Выбрать главу

Дэвид Брин

Риф яркости

Герберту Брину, поэту, журналисту

и постоянному защитнику справедливости

Аскс

Должен попросить у вас разрешения. У вас, мои кольца, мои раздельные сущности.

Теперь принимайте решение. Должен ли я говорить с внешним миром от лица нас всех? Должны ли мы вновь соединиться, чтобы стать Асксом?

Такое имя используют люди, квуэны и другие существа, когда обращаются к этому множеству кругов. Под этим именем собрание пухлых колец треки было избрано мудрецом Общины, уважаемым и почитаемым, выносящим решение о судьбе всех членов шести рас изгнанников.

Этим именем – Аскс – нас называют, когда просят рассказывать.

Все согласны?

В таком случае Аскс начинает рассказывать… о событиях, свидетелями которых были мы сами, и о тех, о которых нам рассказали другие. Рассказ будет вести “я”, словно наша груда сошла сума и противостоит миру единственным сознанием.

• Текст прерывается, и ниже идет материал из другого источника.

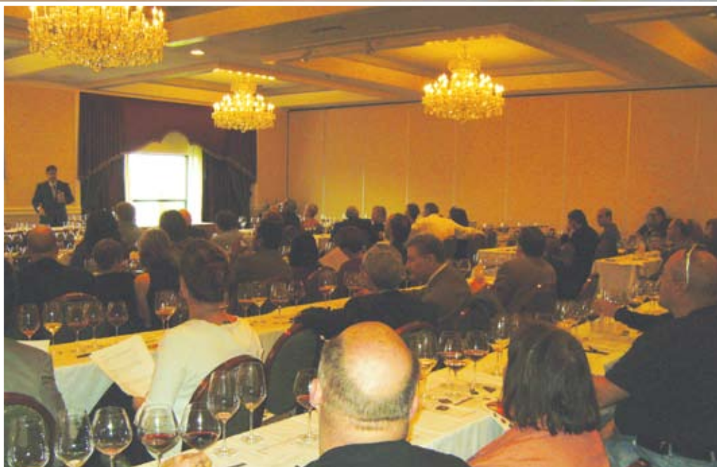
Wine and Chocolate Pairing — The heart healthy types of course!

Аскс готовит этот рассказ. Погладьте его восковые следы. Ощутите вьющийся запах рассказа.

Никто лучше “я” этого не расскажет.

Прелюдия

Боль не дает ему рассыпаться… иначе, как изжеванная кукла или сломанная игрушка, он уже распался бы, и его разорванные члены лежали среди грязных корней, а со временем совсем исчезли.

Грязь покрывает его с ног до головы, светлеет там, где высыхает под лучами солнца; превращаясь в головоломку хрупких пластинок, она становится светлее светлой кожи. Грязь скрывает наготу лучше обгоревшей одежды, которая рассыпается и опадает, как сажа после поспешного бегства из огня. Грязь смягчает боль, так что пытка становится почти переносимой, напоминая болтливого всадника, которого тело вынуждено тащить по бесконечному вязкому болоту.

Его словно окружает какая-то музыка, дрожащая баллада царапин и ожогов. Опус травмы и шока.

Крик боли вздымается в печальной каденции в дыре сбоку на голове.

Только раз он поднес руку к зияющей ране. Кончики пальцев, ожидая соприкосновения с кожей и костью, продолжали ужасно уходить внутрь, пока какой-то глубокий инстинкт не заставил его содрогнуться и убрать руку. Это непереносимо, такую потерю невозможно осмыслить.

Утрата способности соображать…

Грязь алчно хлюпает, засасывая на каждом шагу. Приходится согнуться, чтобы перебраться через очередную преграду из переплетенных веток, опутанных красными и желтыми нитями. И в середине куски стеклянистого кирпича или изъеденного металла, потемневшие от времени и разъедающих кислот. Такие места он обходит, смутно помня, что когда-то знал, почему их нужно избегать.

Когда-то он знал очень много.

Под маслянистой водой невидимый стебель хватает за ногу, увлекая его в грязь. Барахтаясь, он едва удерживает голову над водой, кашляя и отплевываясь. Все его тело дрожит, когда он с усилием встает и идет дальше, совершенно измученный.

Еще одно падение будет означать конец.

Ноги движутся по упрямой привычке, а сопровождающая боль напоминает фугу из многих частей, скрипучую и необработанную, превосходящую своей жестокостью всякое описание. Единственное чувство, которое как будто не повреждено в результате падения, удара и пожара, это обоняние. У него нет ни направления, ни цели, но смесь запахов кипящего горючего и собственной обожженной плоти помогают ему уйти, подгоняют, заставляют спотыкаться, падать, карабкаться и снова двигаться вперед, пока колючие кустарники наконец не начинают редеть.

Неожиданно кусты исчезают. Впереди простирается болото, усеянное отдельными незнакомыми деревьями с изогнутыми спиральными корнями. Отчаяние туманит сознание: он замечает, что вода становится глубже. Скоро бесконечная трясина поднимется до подмышек, а потом еще выше.

Скоро он умрет.

Даже боль словно соглашается с этим. Она смягчается, как будто понимает тщетность попыток мучить мертвеца. Впервые после спасения из горящих обломков крушения он полностью распрямляется. Скользя по грязи, медленно делает полный круг…

…и неожиданно натыкается на пару глаз, следящих за ним с ветвей ближайшего дерева. Глаза сидят над вытянутыми челюстями, усаженными иглообразными зубами. Как маленький дельфин, думает он… пушистый дельфин, на коротких крепких лапах… со смотрящими вперед глазами… и с ушами…

Что ж, возможно, дельфин – не слишком удачное сравнение. Сейчас он не способен хорошо соображать. Тем не менее удивление рождает цепь ассоциаций. Из глубины поднимается след воспоминания, становится почти словом.